H&N cancers are a heterogeneous group of tumour entities anatomically close to each other, but different in terms of aetiology, histology, diagnostic and treatment approaches. About 91% of all H&N cancer are squamous cell carcinomas, 2% are sarcomas and the other 7% are adenocarcinomas, melanomas and not well specified tumours [3]. H&N cancers are mainly associated with tobacco and alcohol use [4]. Other known risk factors are human papillomavirus (HPV) [5] and Epstein-Barr virus (EBV) infections [6], and low consumption of fruit and vegetables [7]. Despite declining smoking prevalence in Europe [8], incidence of epithelial cancers of nasopharynx, hypopharynx and larynx incidence remained quite stable, while those of oropharynx and oral cavity statistically increased [3].

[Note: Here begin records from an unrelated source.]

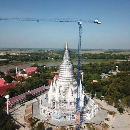 วัดอัมพวันใช้เครนคอมมานซ่า 10CJ140-8t ความสูงเมื่อยกโดยอิสระใต้ขอ 87 เมตร ถือเป็นความสูงเมื่อยกโดยอิสระที่สูงที่สุดในประเทศไทยและในเอเชียตะวันออกเฉียงใต้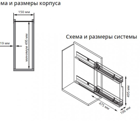 Cargo mini 150 мм Starax 2-х.ярусная, (106*475*495) антрацит, левая S-2422-А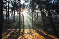 Zonnestralen schijnen door de mist in het bos. Mistige ochtend. Brunsummerheide in Limburg Nederland.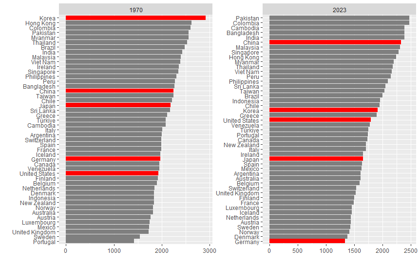 これが2023年になると、トップはパキスタン、これにコロンビアがわずかな差で続きます。両国は1970年にも3位、4位でしたので、長時間労働の常連組と言ってよさそうです。一方、先に見た通り、1970年トップの韓国は労働時間を大きく短縮し、20位になっています。アメリカは22位と、ほぼ真ん中、そしてドイツが最下位となってしまいます。逆に1970年最下位のポルトガルは、2023年には25位と、ほぼ真ん中に上昇しています。この背景は全く不明です。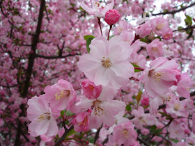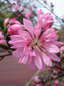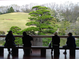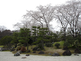 日式庭園的櫻花也滿開了,下面白色的小花也很美。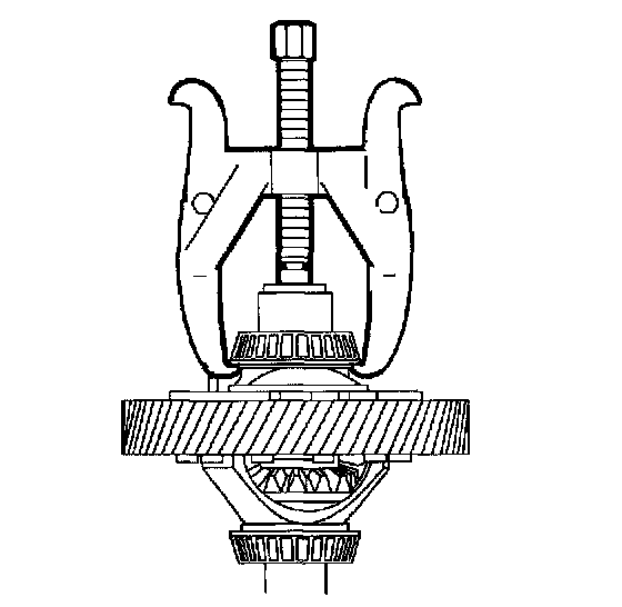 2. Remove differential bearings using puller SA9211T-2 with adapter SA9211T-4. Use Differential Bearing Support 87-92-210 as a base for the puller as shown.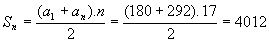 Considerando-se esta nova PA de primeiro termo 180 e último termo 292, aplicando a fórmula da soma dos termos , teremos: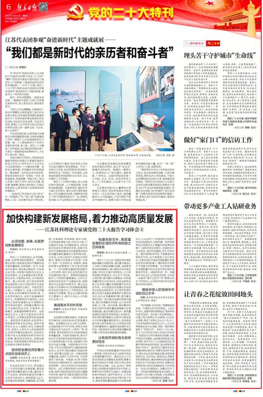 10月21日,《新华日报》第6版“党的二十大特刊”刊发了对葡京官网何畏教授的特约采访《加快构建新发展格局,着力推动高质量发展——江苏社科理论专家谈党的二十大报告学习体会④》,现将全文转发如下: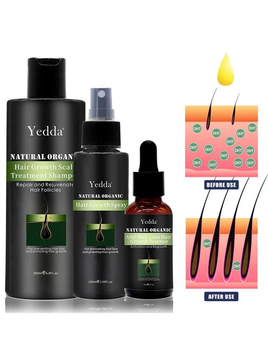 Это профессиональный набор средств для борьбы с выпадением и стимуляции роста волос, идеально подойдет как мужчинам, так и женщинам, желающим укрепить свои локоны и сохранить их здоровье. В него входит специальный шампунь, созданный на основе натуральных, веганских и травяных масел, содержащий почти 100% натуральных ингредиентов. Такой шампунь помогает усилить кровообращение, стимулирует обновление клеток и улучшает питание корней волос, благодаря чему "пробуждаются" спящие волосяные луковицы и предотвращается выпадение. В наборе также есть масло, насыщенное антиоксидантами и витаминами, которое защищает волосы от вредного воздействия окружающей среды, например, загрязнений и ультрафиолетовых лучей. Специальный спрей способствует глубокому увлажнению и укреплению корней, делая волосы более крепкими, блестящими и здоровыми. Необходимо наносить его на влажные волосы после мытья — немного помассировать и затем не смывать, чтобы поддерживать эффект. Всё средство подходит для ежедневного использования и поможет вернуть волосам силу, объем и сияние.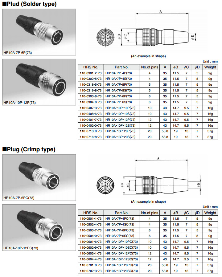 HR10-10J-12P,HR10A-7P-4S,HR10A-7P-5P,HR10A-7P-5S,HR10A-7P-6P,HR10A-7P-6S,HR10A-10P-10P,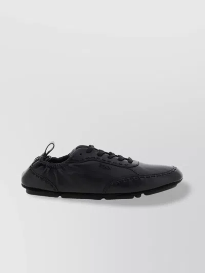 Men Leather Flow Sneakers With Ff Jacquard Fabric Inserts In Black

Previous studies on H&N cancers survival showed disparities across Europe [9], [10], with the lowest and the highest figures observed for Eastern and Northern Europe, respectively. Interestingly, differences in anatomical distribution explained a considerable portion of the survival differences by country for patients with H&N cancers. In fact, H&N sub-sites are important determinants of prognosis: among mouth–pharynx sites, hypopharynx, base of tongue, lateral and posterior wall of the oropharynx are characterised by relatively poor survival, while among laryngeal sites, the supraglottic and subglottic sub-sites have poor survival. Due to differing risk factor prevalence, the distribution of sub-sites in European countries is not homogeneous. Incidence of oral cavity and oropharyngeal cancers are lower in the United Kingdom (UK) and Ireland and the Northern countries and higher in the Eastern and Southern European countries [11], [12].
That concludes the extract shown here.